During this course you will learn how to use Microsoft R Server to create and run an analysis on a large dataset, and how to utilize it in Big Data environments, such as a Hadoop or Spark cluster, or a SQL Server database.
The primary audience for this course is people who wish to analyze large datasets within a big data environment.
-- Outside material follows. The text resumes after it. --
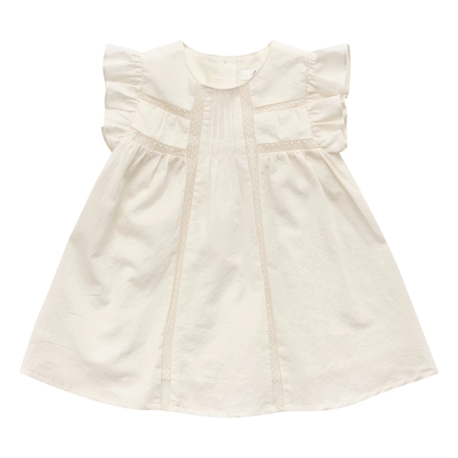- Lace details, Frilled sleeves, Crew neck, Pintucks, Sleeveless, Pleated, Openwork

The secondary audience are developers who need to integrate R analyses into their solutions.
Module 1: Microsoft R Server and R Client
This module gives an overview of how Microsoft R Server and Microsoft R Client work
- What is Microsoft R server
- Using Microsoft R client
- The ScaleR functions
Module 2: Exploring Big Data
This module module covers how to use R Client with R Server to explore big data held in different data stores.
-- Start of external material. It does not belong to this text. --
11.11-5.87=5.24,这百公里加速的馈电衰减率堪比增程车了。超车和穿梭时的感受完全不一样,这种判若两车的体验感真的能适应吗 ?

- Understanding ScaleR data sources
- Reading data into an XDF object
- Summarizing data in an XDF object
Module 3: Visualizing Big Data
This module covers how to how to visualize data by using graphs and plots.
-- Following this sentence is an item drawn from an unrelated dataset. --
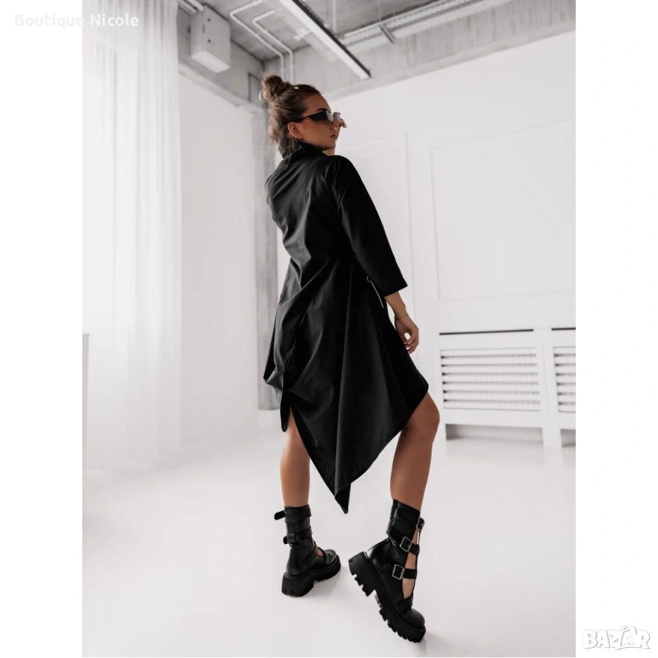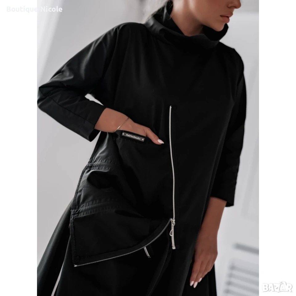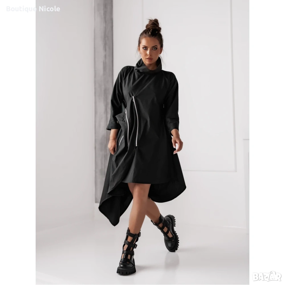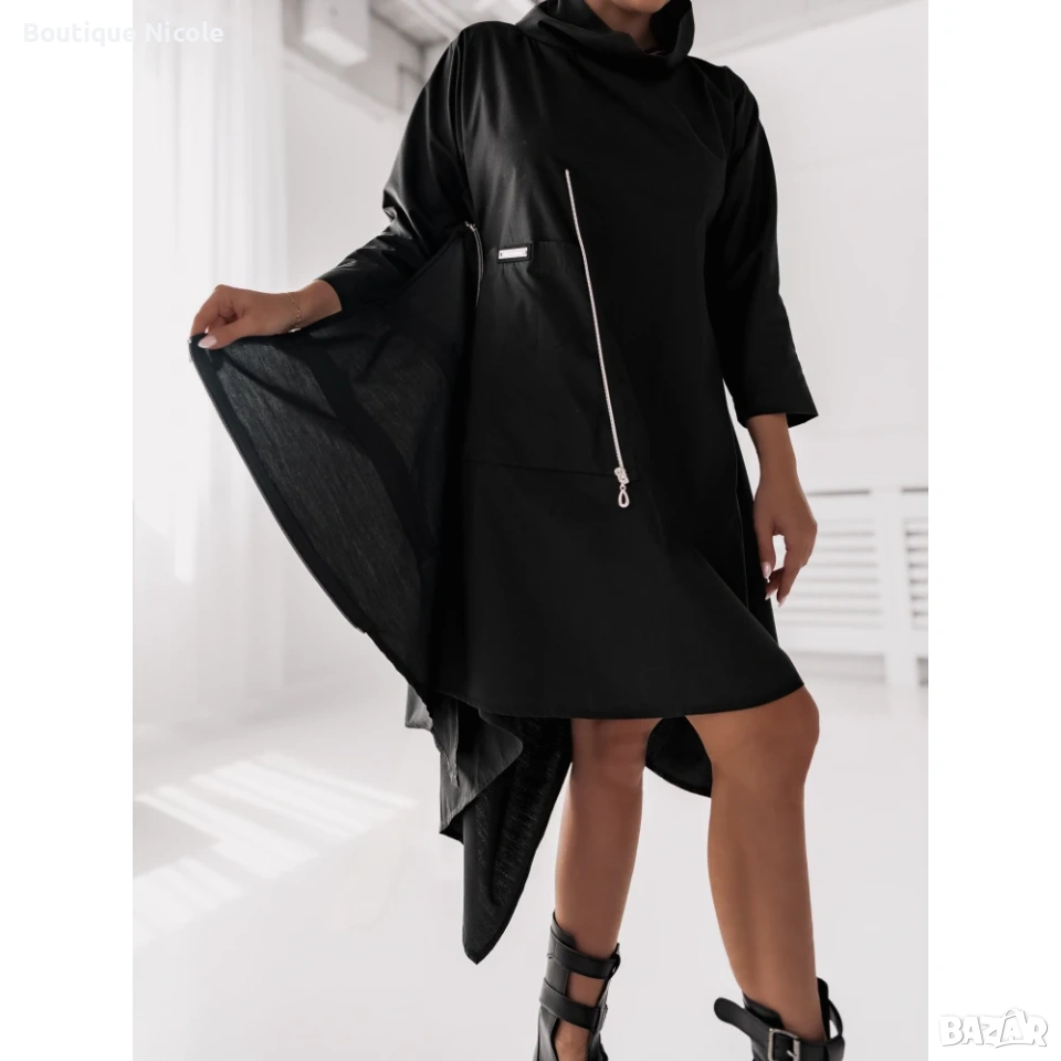 Черна асиметрична рокля с ципове → Обява 53707817

- Visualizing In-memory data with ggplot2
- Visualizing big data with rxLinePlot and rxHistogram
Module 4: Processing Big Data
This module explains how to transform and clean big data sets.
- Transform big data using rxDataStep
- Perform sort and merge operations over big data sets
Module 5: Parallelizing Analysis Operations
This module explains how to implement options for splitting analysis jobs into parallel tasks.
- Use the rxLocalParallel compute context with rxExec
- Use the RevoPemaR package to write customized scalable and distributable analytics.
Module 6: Creating and Evaluating Regression Models
This module covers how to build and evaluate regression models generated from big data.
- Cluster big data to reduce the size of a dataset.
- Create linear and logit regression models and use them to make predictions.
Module 7: Creating and Evaluating Partitioning Models
This module explains how to create and score partitioning models generated from big data.
- Create partitioning models using the rxDTree, rxDForest, and rxBTree algorithms.
- Test partitioning models by making and comparing predictions.
Module 8: Processing Big Data in SQL Server and Hadoop
This module covers how to transform and clean big data sets.
- Using R in SQL Server
- Using Hadoop Map/Reduce
- Using Hadoop Spark
- Programming experience using R, and familiarity with common R packages
- Knowledge of common statistical methods and data analysis best practices.
- Basic knowledge of the Microsoft Windows operating system and its core functionality.